Friday, June 8, 2012

Mirabilis Jalapa Wildflower Growing Tips

The Mirabilis Jalapa is a wildflower that is commonly known as the four O’clock flower.  These flowers bloom late in the afternoon at approximately 4:00 and stay open throughout the night.  These flowers will close at dawn and will remain closed during the day, except on cloudy days.  

I grow four O'clock flowers and look forward to them blooming because they attract hummingbirds and also because of their fragrance.  I planted the magenta color close to my patio and the bi-color yellow grows close to the garden path.  I have also planted yellow mixed with the magnet in a large pot and set it on my patio. 

Photographs of my four O'clock flower gardens: 

Growing tips:

 Plant the seeds indoors 8-10 weeks prior to the last spring frost. Purchase seed starter kits at your local garden center. Fill the planters with soil. Then dig a hole that is ½-inch deep in the center of the pot. Use the eraser end of a pencil to form the hole. Place the black seed in the center and cover with soil. Water well.  Germination takes 8-12 days.  Transplant outdoors after the threat of spring frost has past.  Or you can sow the seeds directly into the garden bed. It is best to plant when the soil has warmed to 65 - 75F; germination is usually in 14 days. 

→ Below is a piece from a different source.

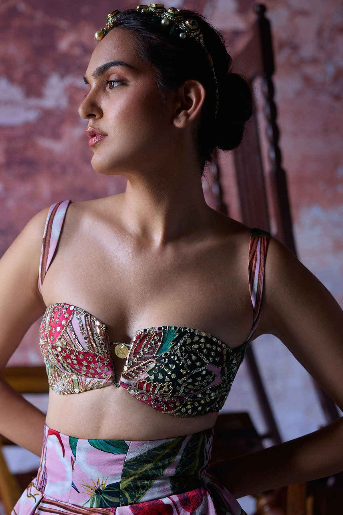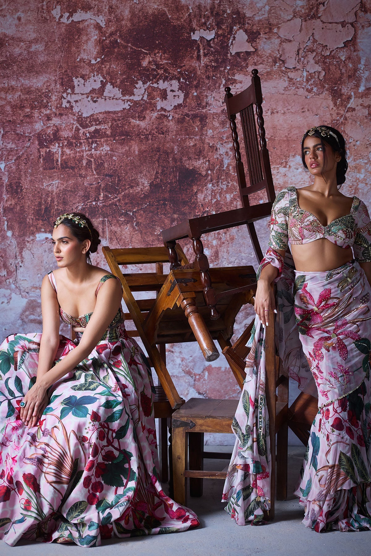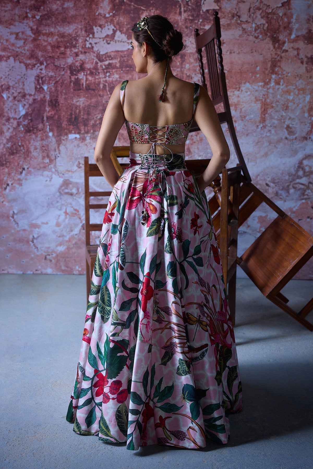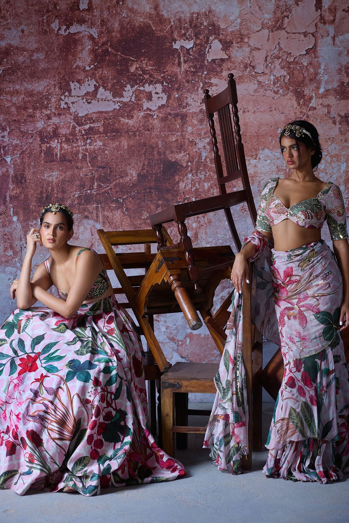 PRINTED LEHENGA WITH EMBROIDERED BLOUSE AND DHUPATTA

Grow Four O’clocks in full sun to part shade to shade in the afternoon when the sun is the hottest.  If your summers are extremely hot (95 to 105 F) then the four O’clock will benefit from part shade in the peak heat of the day.   Plant in well-drained soil, okay to grow in poor soil.  The plant will flourish if you amend the soil with compost or manure.  Space plants two feet apart. Keep the soil evenly moist until the plant fills out and gets a bushy appearance.  Then water as needed.  I generally water every morning with a soaking hose. The slow drip at the soil line is a good way to provide roots with hydration.

I grow magenta, white, yellow and pink four O’clock flowers as a backdrop to my stone patio.  These perennial flowers return every year due to our mild winters here in zone 7.  Both my husband and I enjoy sitting outdoors on a summer night especially when the air is perfumed by the four O’clock flowers.  What I like about this plant is that they are a large bushy with many branches.  When mature the plant will grows to almost four feet in height with a similar spread. I also enjoy the many blooms that come again throughout the late summer and fall season. When the days turn cooler the four-o’clock will stop blooming and will go to seed.


Four O’clock plants are native to North and South America.  In South America, they are called the Marvel of Peru.

Four O'clocks are perennials in zones 8 to 11.  They may be grown as an annual in other growing regions.

Mature four O’clock plant have large tuber roots.  Divide and transplant the tubers every 3 to 4 years in the spring.  
Collect seeds in the fall and keep them in a labeled envelope.  Use these seeds for spring planting. Caution: do not eat the seeds; they are poisonous.